Across the whole listing, return each line exactly, with no images included.

■ WORKING DATA:
########################################

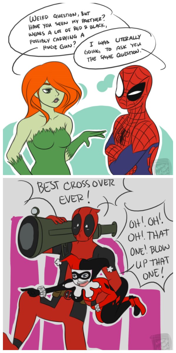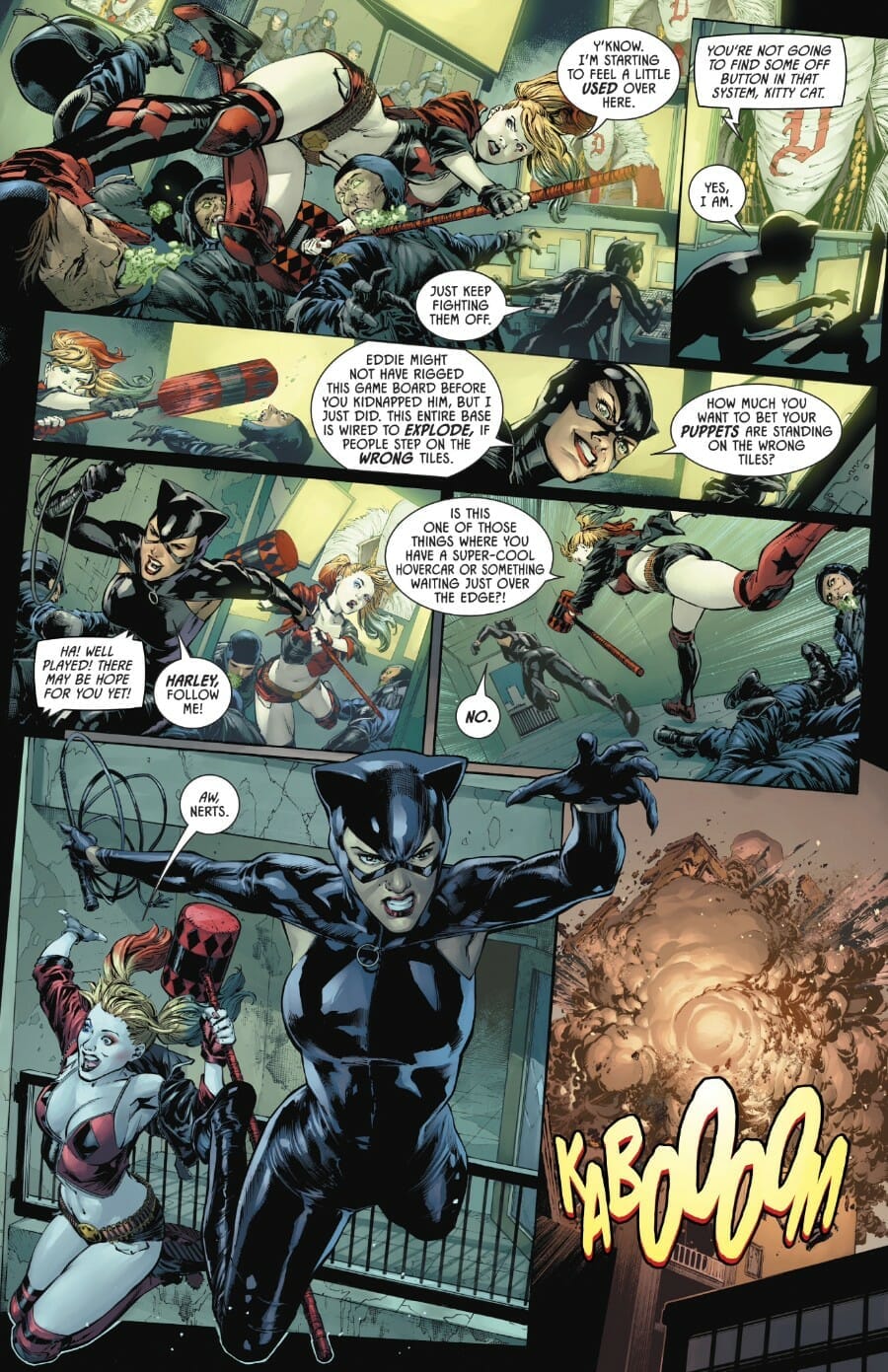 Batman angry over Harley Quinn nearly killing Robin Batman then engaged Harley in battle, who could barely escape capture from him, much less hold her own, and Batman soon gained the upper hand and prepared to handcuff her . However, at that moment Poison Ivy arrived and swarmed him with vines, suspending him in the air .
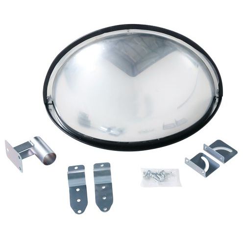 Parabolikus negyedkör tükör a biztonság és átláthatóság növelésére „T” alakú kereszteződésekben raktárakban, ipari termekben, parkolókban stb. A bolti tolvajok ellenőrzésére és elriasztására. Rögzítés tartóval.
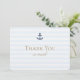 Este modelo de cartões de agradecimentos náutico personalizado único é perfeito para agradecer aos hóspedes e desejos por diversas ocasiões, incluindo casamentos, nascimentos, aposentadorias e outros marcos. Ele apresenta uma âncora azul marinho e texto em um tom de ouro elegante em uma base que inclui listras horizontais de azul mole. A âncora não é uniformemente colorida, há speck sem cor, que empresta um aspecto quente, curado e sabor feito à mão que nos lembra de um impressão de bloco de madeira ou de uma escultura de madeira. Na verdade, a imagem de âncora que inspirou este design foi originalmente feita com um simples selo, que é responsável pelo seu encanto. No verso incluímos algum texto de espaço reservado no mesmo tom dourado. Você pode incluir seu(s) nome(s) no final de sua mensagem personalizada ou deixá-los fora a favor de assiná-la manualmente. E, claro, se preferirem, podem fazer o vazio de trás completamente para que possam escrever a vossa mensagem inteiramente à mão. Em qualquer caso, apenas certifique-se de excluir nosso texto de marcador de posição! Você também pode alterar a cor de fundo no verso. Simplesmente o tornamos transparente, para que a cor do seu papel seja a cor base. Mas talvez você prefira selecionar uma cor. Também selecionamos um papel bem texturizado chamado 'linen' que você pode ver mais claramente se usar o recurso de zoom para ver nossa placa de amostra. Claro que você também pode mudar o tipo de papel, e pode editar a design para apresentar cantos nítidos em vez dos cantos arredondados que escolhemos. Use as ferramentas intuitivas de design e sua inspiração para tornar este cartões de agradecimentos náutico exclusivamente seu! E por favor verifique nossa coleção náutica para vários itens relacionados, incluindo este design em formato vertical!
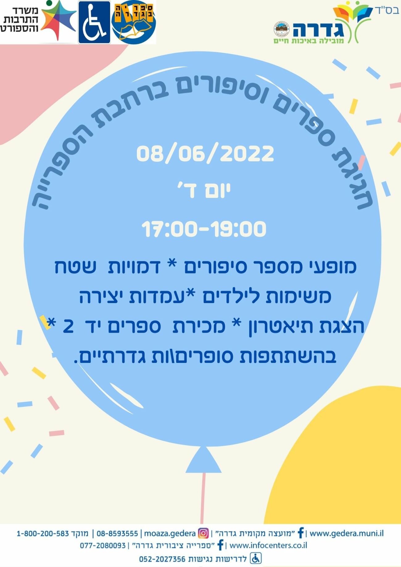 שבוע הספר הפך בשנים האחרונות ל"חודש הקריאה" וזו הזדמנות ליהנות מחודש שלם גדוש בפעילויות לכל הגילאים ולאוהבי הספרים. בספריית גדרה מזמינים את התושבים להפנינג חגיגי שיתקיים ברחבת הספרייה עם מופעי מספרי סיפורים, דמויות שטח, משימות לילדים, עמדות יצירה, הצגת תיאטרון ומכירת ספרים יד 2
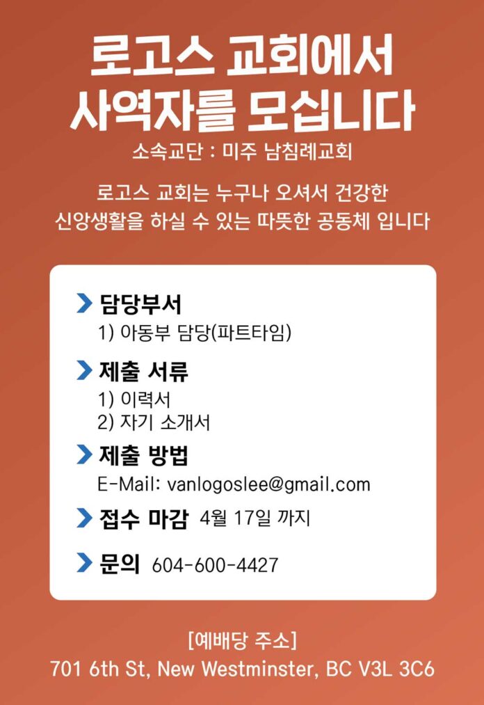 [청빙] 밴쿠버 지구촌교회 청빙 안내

########################################

■ THE COMPLETED TASK:
 Batman angry over Harley Quinn nearly killing Robin Batman then engaged Harley in battle, who could barely escape capture from him, much less hold her own, and Batman soon gained the upper hand and prepared to handcuff her . However, at that moment Poison Ivy arrived and swarmed him with vines, suspending him in the air .
 Parabolikus negyedkör tükör a biztonság és átláthatóság növelésére „T” alakú kereszteződésekben raktárakban, ipari termekben, parkolókban stb. A bolti tolvajok ellenőrzésére és elriasztására. Rögzítés tartóval.
 Este modelo de cartões de agradecimentos náutico personalizado único é perfeito para agradecer aos hóspedes e desejos por diversas ocasiões, incluindo casamentos, nascimentos, aposentadorias e outros marcos. Ele apresenta uma âncora azul marinho e texto em um tom de ouro elegante em uma base que inclui listras horizontais de azul mole. A âncora não é uniformemente colorida, há speck sem cor, que empresta um aspecto quente, curado e sabor feito à mão que nos lembra de um impressão de bloco de madeira ou de uma escultura de madeira. Na verdade, a imagem de âncora que inspirou este design foi originalmente feita com um simples selo, que é responsável pelo seu encanto. No verso incluímos algum texto de espaço reservado no mesmo tom dourado. Você pode incluir seu(s) nome(s) no final de sua mensagem personalizada ou deixá-los fora a favor de assiná-la manualmente. E, claro, se preferirem, podem fazer o vazio de trás completamente para que possam escrever a vossa mensagem inteiramente à mão. Em qualquer caso, apenas certifique-se de excluir nosso texto de marcador de posição! Você também pode alterar a cor de fundo no verso. Simplesmente o tornamos transparente, para que a cor do seu papel seja a cor base. Mas talvez você prefira selecionar uma cor. Também selecionamos um papel bem texturizado chamado 'linen' que você pode ver mais claramente se usar o recurso de zoom para ver nossa placa de amostra. Claro que você também pode mudar o tipo de papel, e pode editar a design para apresentar cantos nítidos em vez dos cantos arredondados que escolhemos. Use as ferramentas intuitivas de design e sua inspiração para tornar este cartões de agradecimentos náutico exclusivamente seu! E por favor verifique nossa coleção náutica para vários itens relacionados, incluindo este design em formato vertical!
 שבוע הספר הפך בשנים האחרונות ל"חודש הקריאה" וזו הזדמנות ליהנות מחודש שלם גדוש בפעילויות לכל הגילאים ולאוהבי הספרים. בספריית גדרה מזמינים את התושבים להפנינג חגיגי שיתקיים ברחבת הספרייה עם מופעי מספרי סיפורים, דמויות שטח, משימות לילדים, עמדות יצירה, הצגת תיאטרון ומכירת ספרים יד 2
 [청빙] 밴쿠버 지구촌교회 청빙 안내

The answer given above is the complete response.